GIVEN INFORMATION:
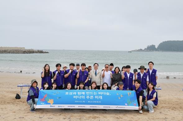 ![]() 효성그룹과 협력하여 추진 중인 _바다 숲_ 조성 사업 참가자 단체 사진 |
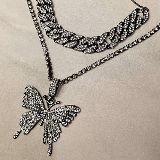 Sparkly Butterfly Rhinestone Pendant Necklace
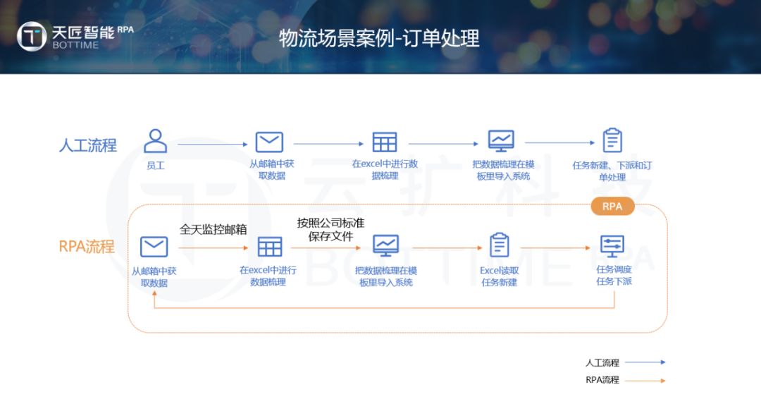 实施云扩RPA后:RPA软件机器人能够自动从邮箱中获取数据模板,对Excel中的数据进行梳理后将数据模板导入平台系统,并且自动进行任务的新建、下派及订单处理。
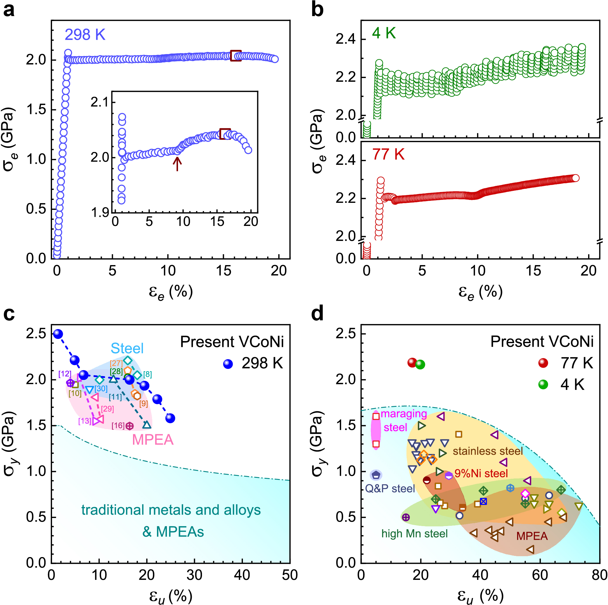 图2:室/低温力学性能和强度-塑性匹配。

ACTION ITEM: Each line above is to be duplicated exactly, and the pictures are to be omitted.

TASK ANSWER:
 ![]() 효성그룹과 협력하여 추진 중인 _바다 숲_ 조성 사업 참가자 단체 사진 |
 Sparkly Butterfly Rhinestone Pendant Necklace
 实施云扩RPA后:RPA软件机器人能够自动从邮箱中获取数据模板,对Excel中的数据进行梳理后将数据模板导入平台系统,并且自动进行任务的新建、下派及订单处理。
 图2:室/低温力学性能和强度-塑性匹配。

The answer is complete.